Assigning remediation solely to the involved nurse ignores the hierarchy of intervention effectiveness established by the Institute for Safe Medication Practices. Forcing functions and standardization, such as removing the high‑risk hydromorphone ampoule from the unit entirely and restricting access to pre‑filled, low‑concentration syringes, sit near the top of the hierarchy because they make errors harder to commit. In the described error, the root‑cause tree exposed a supply‑chain decision that prioritized cost over safety: purchasing the cheaper look‑alike product had persisted for three years without a risk review. A case study from a 600‑bed teaching hospital that switched to differentiated opioid packaging showed a 68% reduction in wrong‑drug opioid selections within twelve months (ISMP Canada, 2022). That evidence points to the necessity of pairing a forcing function with an audit mechanism; the improvement plan therefore includes a quarterly blinded observation of barcode scanning compliance to verify that the new workflow has been embedded.
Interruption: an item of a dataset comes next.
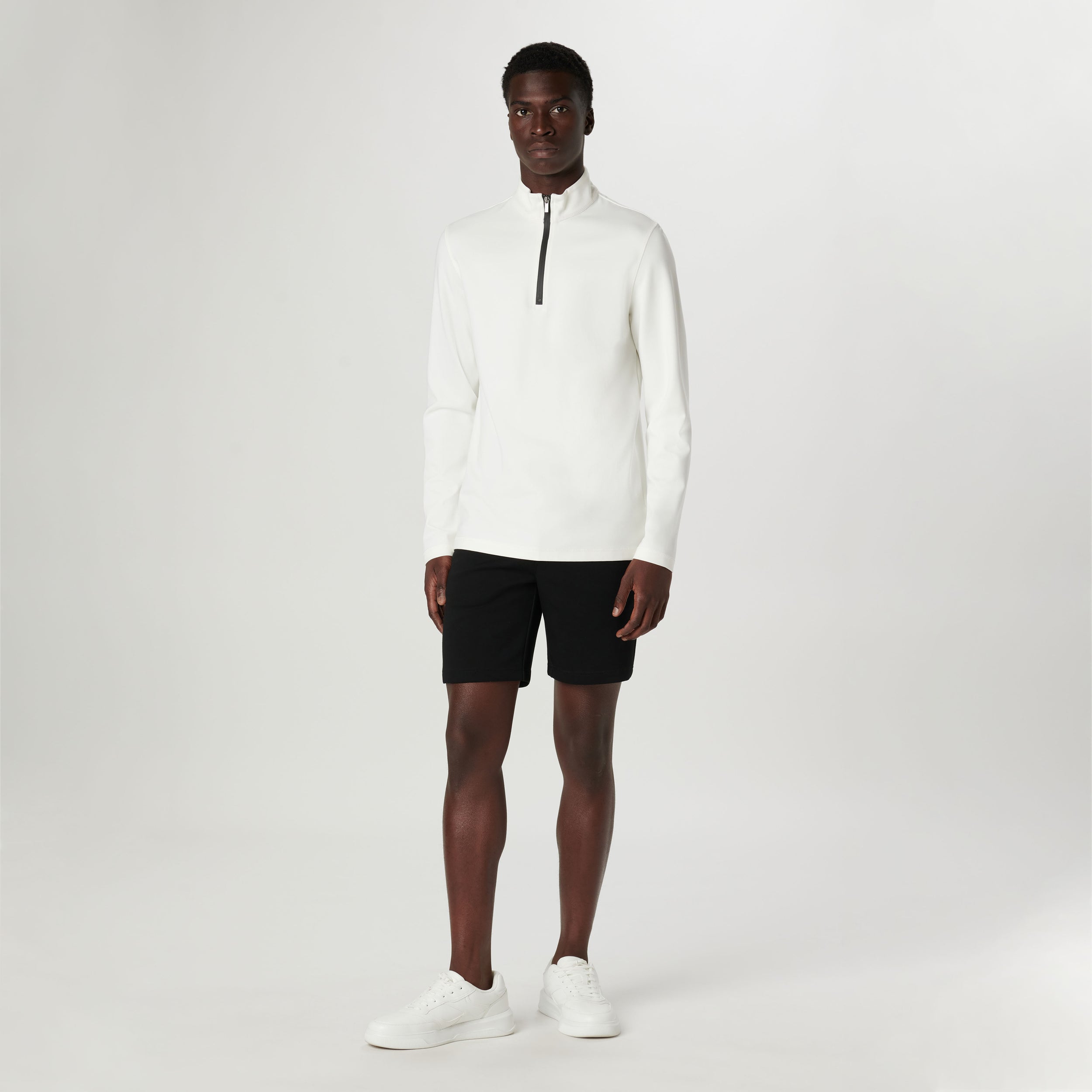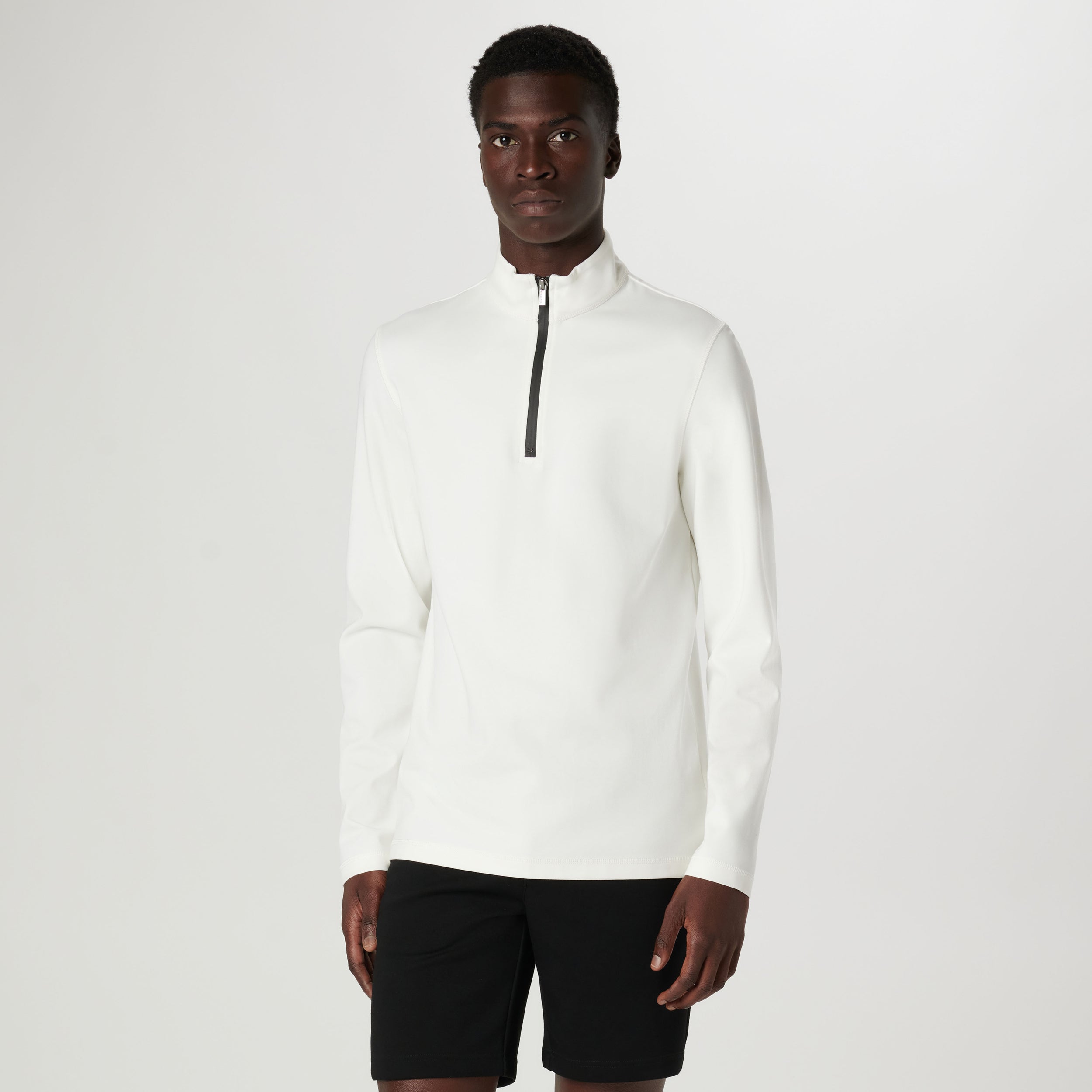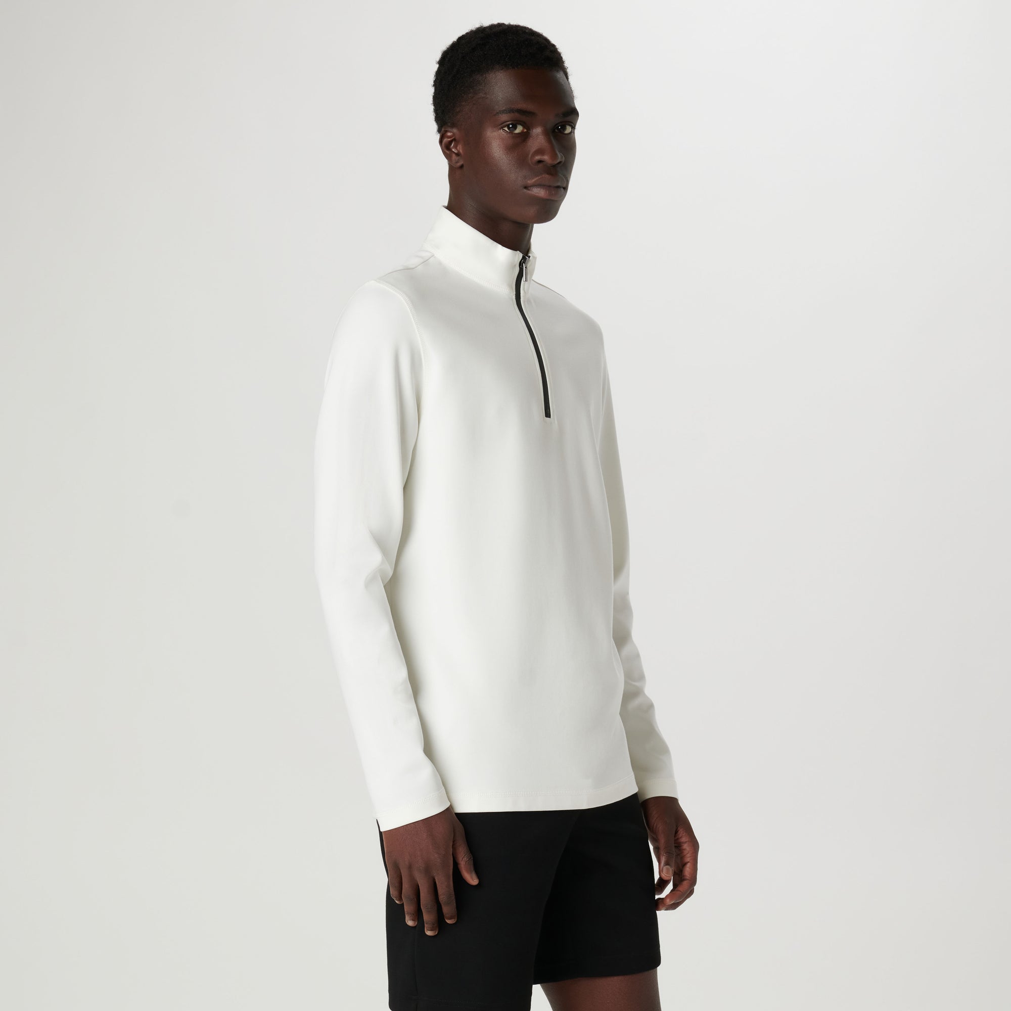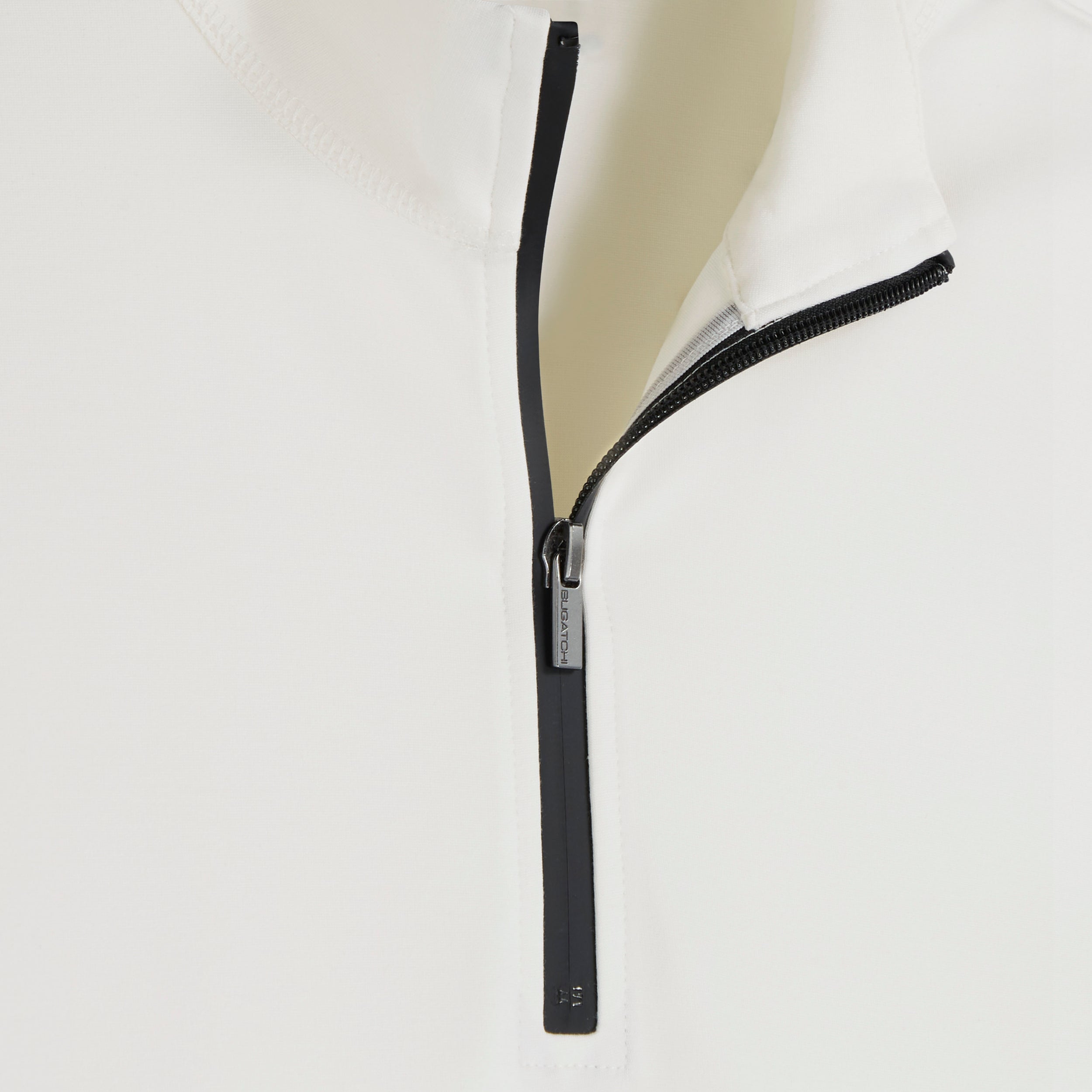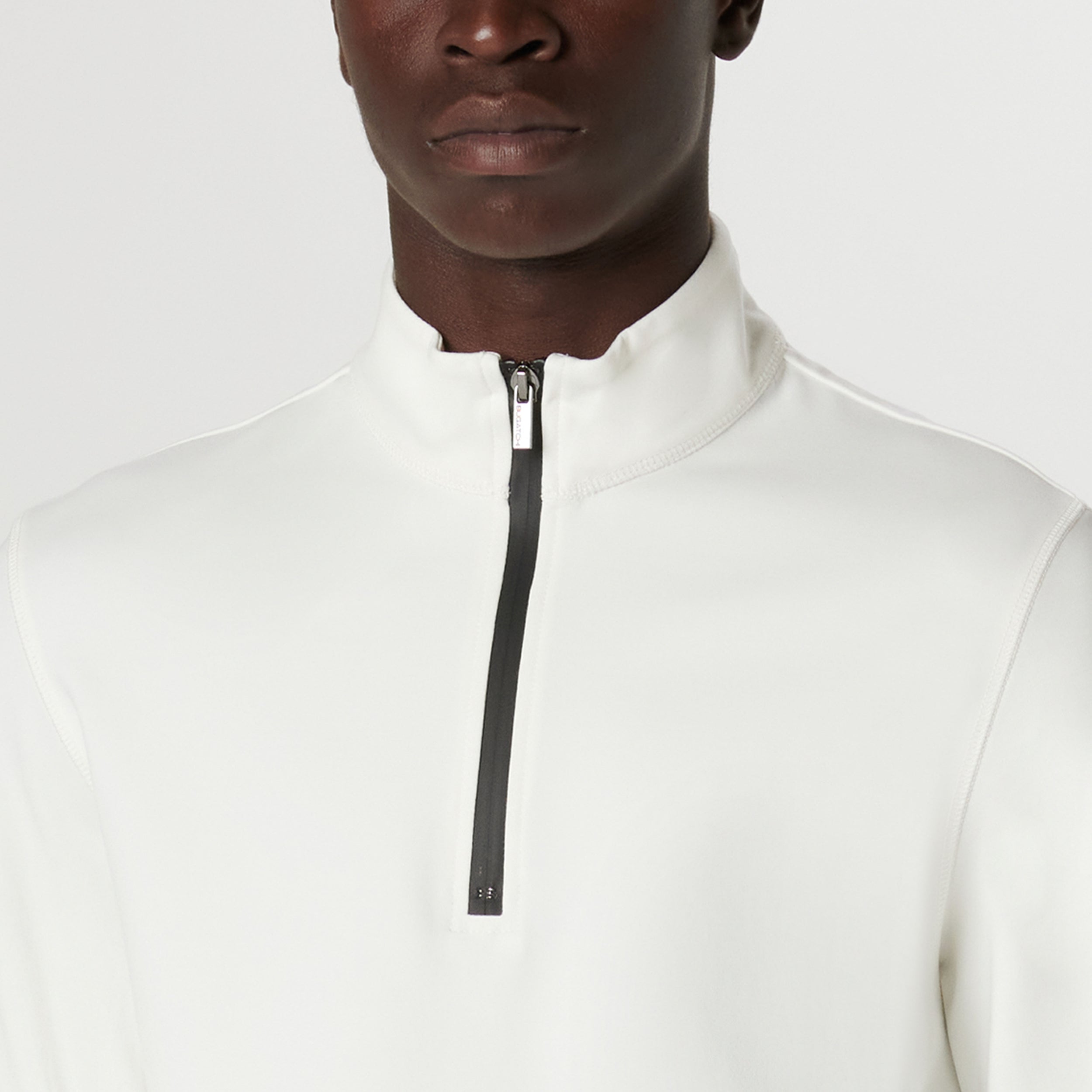 This versatile quarter zip pullover features a mock neck, subtle contrast detail, and a zippered rear pocket. Crafted for both active and casual elegance, this pullover combines style, comfort, and functionality.

Addressing the Culture That Silences Near‑Miss Reporting

Students often ask why the same type of event recurs even after an RCA. The answer lies partly in a unit culture where staff hesitate to report near‑misses because they fear administrative consequences. A prospective cohort study across 12 surgical wards identified that units with higher psychological safety scores detected and reported three times as many near‑miss events before harm reached patients (O’Donovan & McAuliffe, 2020). Without those early signals, the RCA team may never learn about the barcode workaround that existed for months before the hydromorphone error. Consequently, the proposed improvement plan adds a non‑punitive “good‑catch” log reviewed during the monthly huddle, shifting the conversation from blame to system improvement. Comparing the Ishikawa approach with the London Protocol highlights a further insight: the Protocol’s structured timeline interviews uncover contributory factors that staff may omit in a brainstorming‑only session, which is why the plan also incorporates a one‑week timeline reconstruction after any future severe event.

References

• Keers, R. N., Williams, S. D., Cooke, J., & Ashcroft, D. M. (2020). Causes of medication administration errors in hospitals: a systematic review of quantitative and qualitative evidence. Drug Safety, 43(11), 1045–1070. https://doi.org/10.1007/s40264-020-00979-2
• Institute for Safe Medication Practices Canada. (2022). Reducing opioid errors through differentiated packaging: A multi‑site safety initiative. ISMP Canada Safety Bulletin, 22(4), 1–6.
• O’Donovan, R., & McAuliffe, E. (2020). A systematic review of psychological safety in healthcare teams. International Journal for Quality in Health Care, 32(4), 240–252. https://doi.org/10.1093/intqhc/mzaa003
• The Joint Commission. (2021). Root Cause Analysis in Health Care: Tools and Techniques (5th ed.). Joint Commission Resources.
• Vincent, C., Taylor-Adams, S., & Stanhope, N. (1998). Framework for analysing risk and safety in clinical medicine. BMJ, 316(7138), 1154–1157. https://doi.org/10.1136/bmj.316.7138.1154

1. Write a 5–7-page root-cause analysis and safety improvement plan for a sentinel event or near-miss in nursing practice. This Capella NURS-FPX4020 assessment guide includes instructions, a rubric, and sample analysis.
2. Submit a 5-page paper conducting a root-cause analysis of a patient safety incident and designing an evidence-based improvement plan for NURS-FPX4020, Assessment 1.
3. Complete a root-cause analysis and safety improvement plan for NURS-FPX4020. Analyze active and latent failures, propose interventions, and engage stakeholders.
4. NURS-FPX4020 Root-Cause Analysis and Safety Improvement Plan Example

Assessment: NURS-FPX4020 Assessment 2 — Quality Improvement Initiative Proposal

In this assessment, you will develop a detailed proposal for a quality improvement project that addresses a specific patient safety issue identified during your clinical experience or literature review. Use the Model for Improvement to define the aim, measures, and change strategies. The proposal must include a concise review of the evidence, a stakeholder analysis, a plan‑do‑study‑act (PDSA) cycle framework, and a timeline for implementation. The 5–7 page paper asks you to translate evidence into a structured improvement plan that could realistically be piloted in your practice setting.